Sets of constraints (mustlink and cannotlink) are also loaded from .csv files. All rows of those files must have two columns. For mustlink constraints they mean transactions identifiers (i.e. rows numbers of .csv file with transactional data. Rows are counted from 0.), which must be in the same cluster. For constraints cannotlink it is analogous.
The configuration file allows you to specify data sources and a lot of clustering algorithm’s parameters. While executing the program the path to the configuration file must be placed in the environment variable pl.edu.pw.elka.mzawisl2.ckmc.config.

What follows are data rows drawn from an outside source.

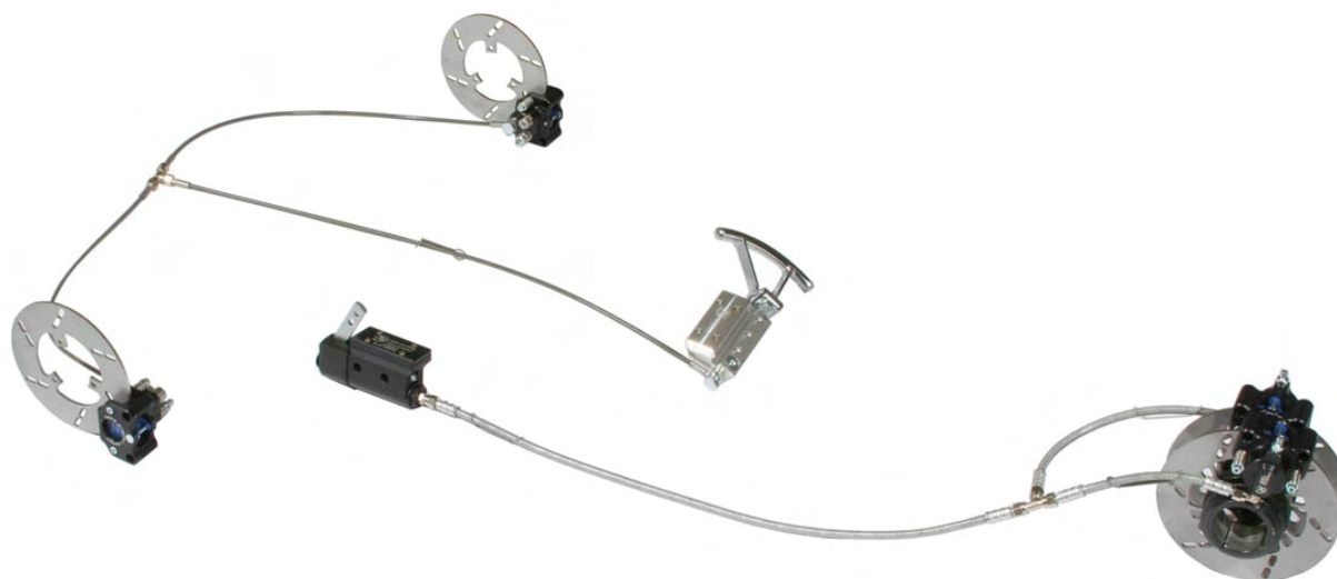
PHOTO VUE DE DESSUS DU SYSTÈME COMPLET ASSEMBLÉ

This Homologation Form reproduces descriptions, illustrations and dimensions of the brake system at the moment of the CIK-FIA homologation. The Manufacturer may modify them, but only within the limits set by the CIK-FIA Regulations in force.
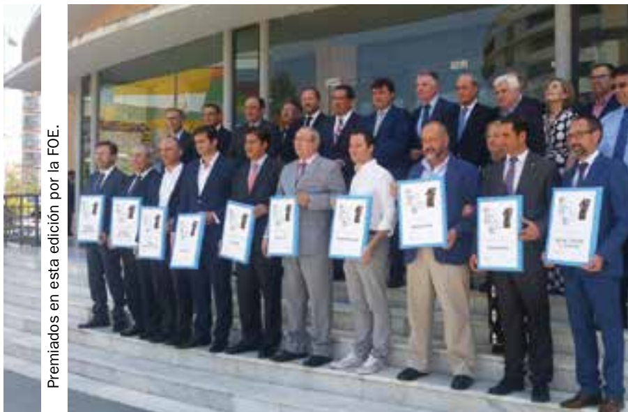
Premiados en esta edición por la FOE.

Agrícola El Bosque y Fresón de Palos, premios Empresarios del Año de la FOE. El presidente de la Federación de Empresarios Onubenses reconoce la voluntad, el esfuerzo, el sacrificio y la solidaridad de las entidades premiadas.
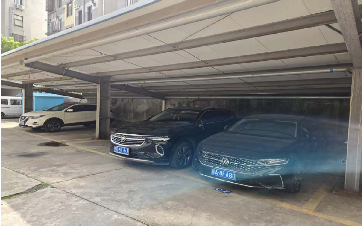
澄江中路 26 号内车位 1、2、3、5、6、7

The following table describes all the parameters of the configuration file:
Parameter | Type | Example value | Description |
---|---|---|---|
cluster.k.number | Integer | 2 |
number of clusters |
cluster.max.reclustering.number | Integer | 200 |
maximal number of reclustering (the stop condition of the algorithm) |
cluster.drift.tolerance | Float | 10.0 |
acceptable change in the position of centroid of each cluster (the stop condition of the algorithm) |
dictionary.distance.wage | Float | 20.0 |
distance value of different values for the same dictionary |
csv.file.name | String | D:\\data.csv |
source file with set of transactions |
csv.split.by | String | , |
separator sign in .csv file |
csv.clusterable.columns | String | 0,1,2,3,5 |
identifies of columns, which should be included in clustering algorithm - default value = ALL columns identifiers |
csv.dictionary.columns | String | 0,2 |
identifies of columns, which should be treated as dictionaries |
csv.constraints.must.link.file.name | String | D:\\must.csv |
path to file containing mustlink constraints |
csv.constraints.can.not.link.file.name | String | D:\\cannot.csv |
path to file containing cannotlink constraints |